[gmx-users] Multi-GPU optimization, "DD without halo exchange is not supported"

[Leandro Bortot]

Dear users,

     I'm trying to optimize the execution of a system composed by 10
million atoms on a multi-GPU machine with GROMACS 2020.1.
     I've followed the instructions given at
https://devblogs.nvidia.com/creating-faster-molecular-dynamics-simulations-with-gromacs-2020/
. However, when I run my simulation, mdrun tells me this:

"

*Update task on the GPU was required, by the GMX_FORCE_UPDATE_DEFAULT_GPU
environment variable, but the following condition(s) were not
satisfied:Domain decomposition without GPU halo exchange is not supported.*
"

     My understanding was that exporting *GMX_GPU_DD_COMMS=true* would
enable such halo communications.
     My simulation runs, however the performance is not scaling well with
the number of GPUs.

     I've done the following:
"

*export GMX_GPU_DD_COMMS=trueexport GMX_GPU_PME_PP_COMMS=trueexport
GMX_FORCE_UPDATE_DEFAULT_GPU=true*"

     And my execution line is:
"*mpirun -np 4 gmx_mpi mdrun -s eq.1.tpr -v -deffnm eq.1 -pin on -ntomp 6
-npme 1 -nb gpu -bonded gpu -pme gpu -nstlist 400*"

     If I add "-update gpu" to this same line I have the following error:
"




*Inconsistency in user input:Update task on the GPU was required,but the
following condition(s) were not satisfied:Domain decomposition without GPU
halo exchange is not supported. With separate PME rank(s), PME must use
direct communication.*"

     Also, I'm using constraints = h-bonds in my .mdp file.
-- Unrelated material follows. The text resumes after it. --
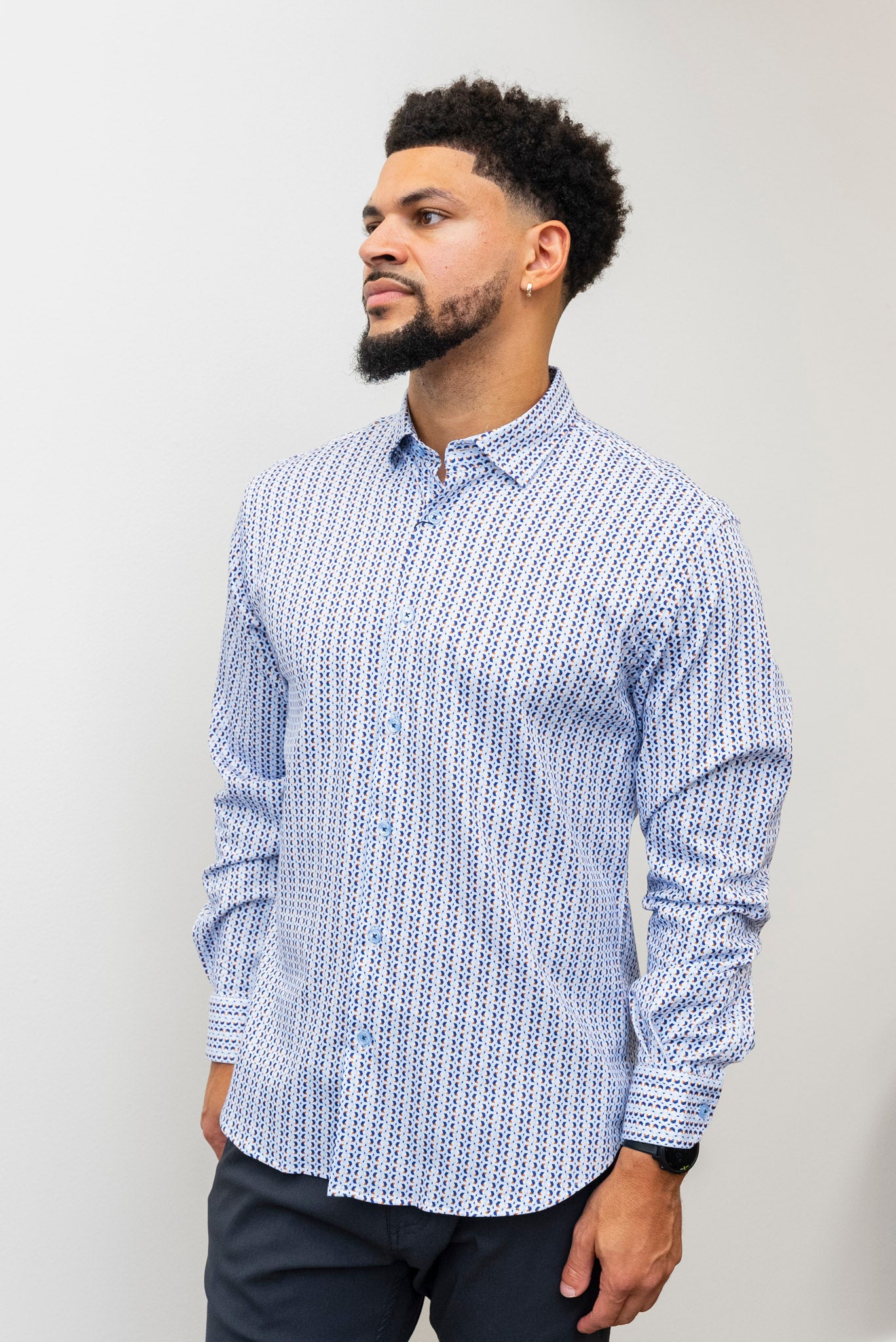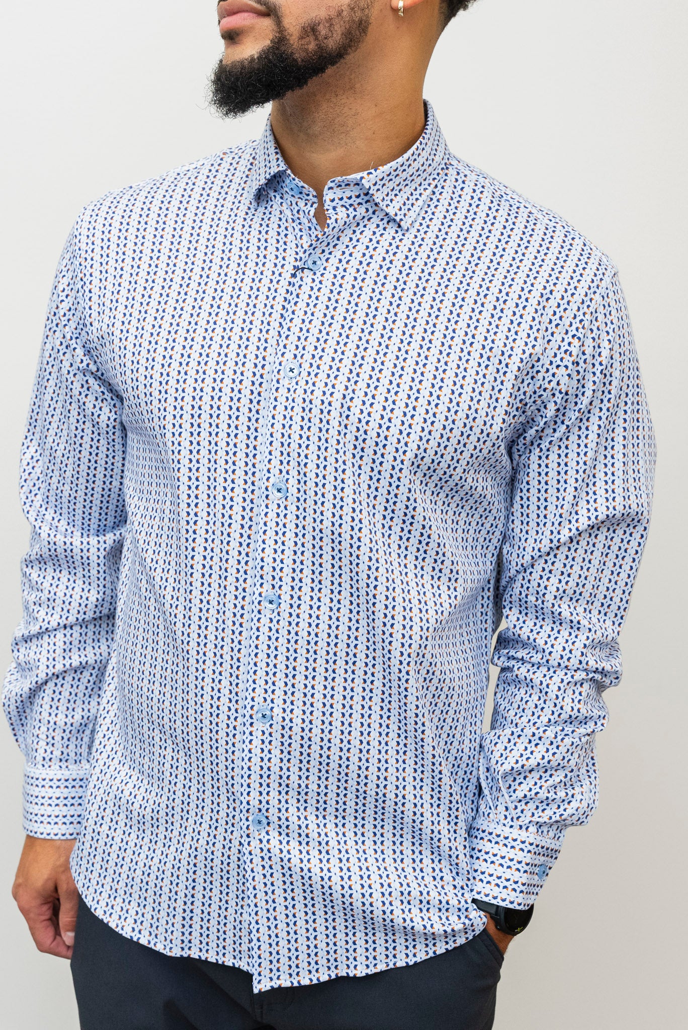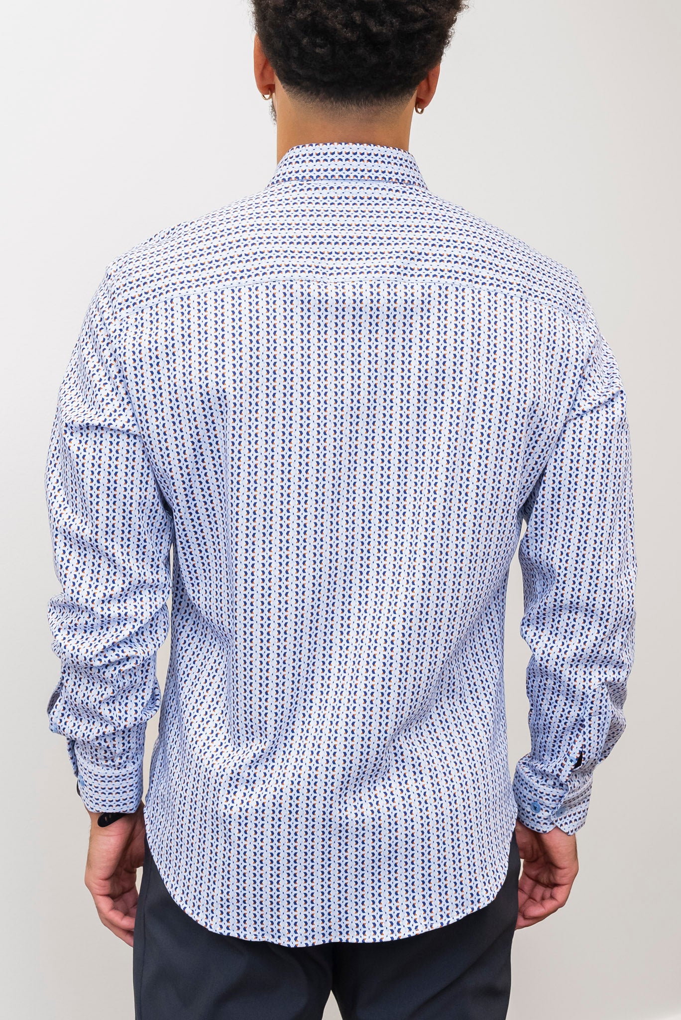 Elevate your wardrobe with the MIZUMI Button Up Blue, featuring a vibrant multicolored geometric pattern that adds a fresh, modern touch. Crafted from blended materials, this shirt offers both comfort and durability. The collared neck and button-front design deliver a polished look, while cuffed sleeves provide a stylish finish perfect for any occasion. Make a statement effortlessly with this versatile, eye-catching piece.

     Am I doing something wrong?

Thank you for your attention,
Leandro
-------
Leandro Oliveira Bortot
Postdoctoral Fellow
<http://linkedin.com> https://www.linkedin.com/in/leandro-obt/
Laboratory of Computational Biology
Brazilian Biosciences National Laboratory (LNBio)
Brazilian Center for Research in Energy and Materials (CNPEM)
Zip Code 13083-970, Campinas, São Paulo, Brazil.